Step Table Operation
Blogger profile blogger_information UPSERT (channel_name, subscribers, external_id, sec_id, thumbnail)
Tracking record tracked_accounts INSERT (user_id, org_id, blogger_id, initial/daily_videos_count, is_active=true)
Campaign blogger_campaign UPSERT (optional, sets campaign_tag via BEFORE INSERT trigger)
Tags blogger_tags INSERT (optional, triggers propagate to video_tags)
Videos videos INSERT (via blogger-video-consumer)
Video stats video_statistics INSERT (via blogger-video-consumer, skipped for YouTube)

# Flow 2: Midnight + Noon Batch

# Trigger

Cloudflare cron 0 0,12 * * * — fires at 00:00 UTC (midnight) and 12:00 UTC (noon). Both runs use the same function.

# Sequence

sequenceDiagram
    participant CRON as Cloudflare Cron
    participant BW as bloggers-worker
    participant MBF as midnightBloggerFetch.ts
    participant DB as Supabase
    participant Q as BLOGGER_VIDEO_QUEUE
    participant BVC as blogger-video-consumer
    participant PAPI as Platform API

    CRON->>BW: scheduled() event
    BW->>MBF: scheduleMidnightBloggerFetches()
    MBF->>DB: SELECT * FROM tracked_bloggers_view WHERE is_active = true
    DB-->>MBF: All active tracking records

    loop Per organization
        MBF->>MBF: Check subscription limits
        loop Per blogger
            MBF->>MBF: Apply MIN_PARTIAL_FETCH logic
            MBF->>MBF: Add to pendingMessages[]
        end
    end

    MBF->>Q: sendBatch() in chunks of 100

    Q->>BVC: handleMidnightBatch(message)
    BVC->>BVC: Check subscription limits
    BVC->>PAPI: getUserVideosBatch({ externalId, daily_videos_count })
    PAPI-->>BVC: CommonVideo[]
    BVC->>DB: saveBloggerVideos() → videos + video_statistics
    BVC->>DB: UPDATE tracked_accounts SET last_scraped_at = NOW()

    opt YouTube only
        BVC->>HIGH_PRIORITY_QUEUE: video_batch messages
    end

# Batch Queue Message

// No 'type' field — consumer uses this to route to handleMidnightBatch()
{
  trackingId: string,           // UUID - tracked_accounts.id
  userId: string,
  externalId: string,
  daily_videos_count: number,   // May be reduced by partial fetch logic
  organization_id: string,
  blogger_id: string,
  platform: 'TikTok' | 'Instagram' | 'YouTube'
}

# MIN_PARTIAL_FETCH Logic

When an organization is near its subscription limit:

remaining = subscription_limit - videos_fetched_this_period

remaining >= daily_videos_count  →  full fetch (daily_videos_count videos)
remaining >= 10                  →  partial fetch (10 videos minimum)
remaining < 10                   →  skip this blogger entirely

# Platform API Services

Factory: shared/services/apiServiceFactory.jscreateService(platform, config)

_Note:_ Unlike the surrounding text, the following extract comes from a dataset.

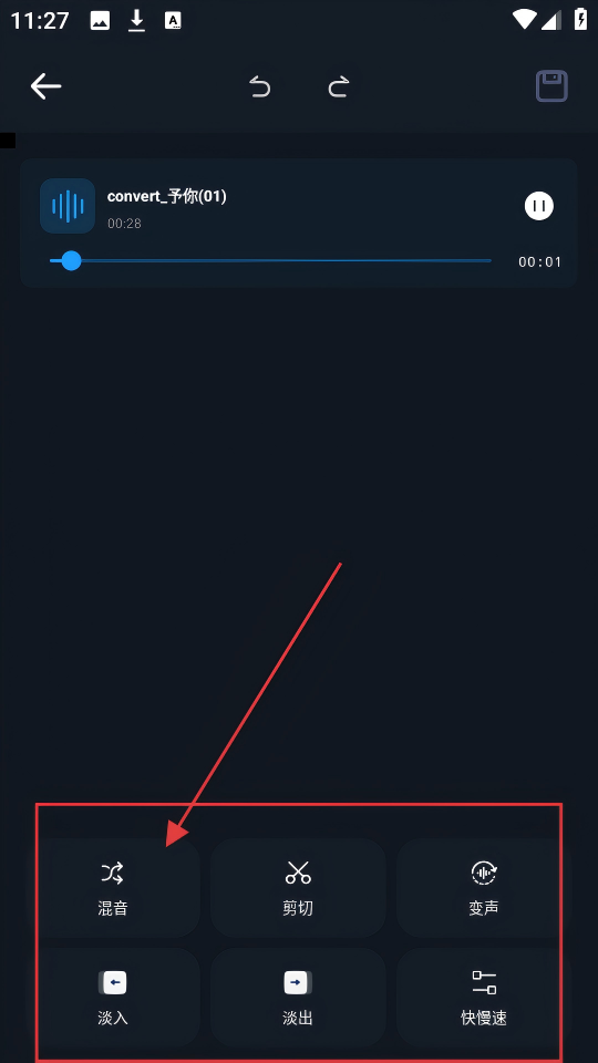 3、音频编辑界面有【混音】【剪切】等功能,根据需求选,能打造专属音频效果。
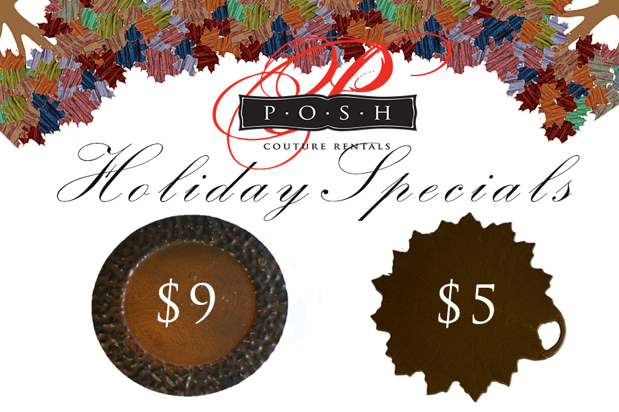 *Fall Holiday Special: (10/29/12 – 12/31/12) The following prices are valid for events held by 2013: The Jan Barboglio Hammered Charger for $9; Maple Leaf Charger for $5.

All platforms implement: getUserVideosBatch({ externalId, targetCount, maxPages })CommonVideo[]

// CommonVideo structure
{
  external_video_id: string,
  platform: string,
  video_url: string,
  title: string,
  thumbnail_url: string,
  published_at: string,       // ISO8601
  statistics?: {
    external_video_id: string,
    views: number,
    likes: number,
    comments: number,
    reposts: number
  }
}

Retry: timeout 15s, max 2 retries, base delay 1500ms, backoff factor 4×.

# Instagram URL Construction

extractVideoUrl() in instagram.js uses media.code (shortcode) as the primary source for the URL. If code is absent, it derives the shortcode from the numeric media.id using Instagram's base64-like alphabet:

ABCDEFGHIJKLMNOPQRSTUVWXYZabcdefghijklmnopqrstuvwxyz0123456789-_

If both are missing, the video is skipped and a warning is sent to Sentry.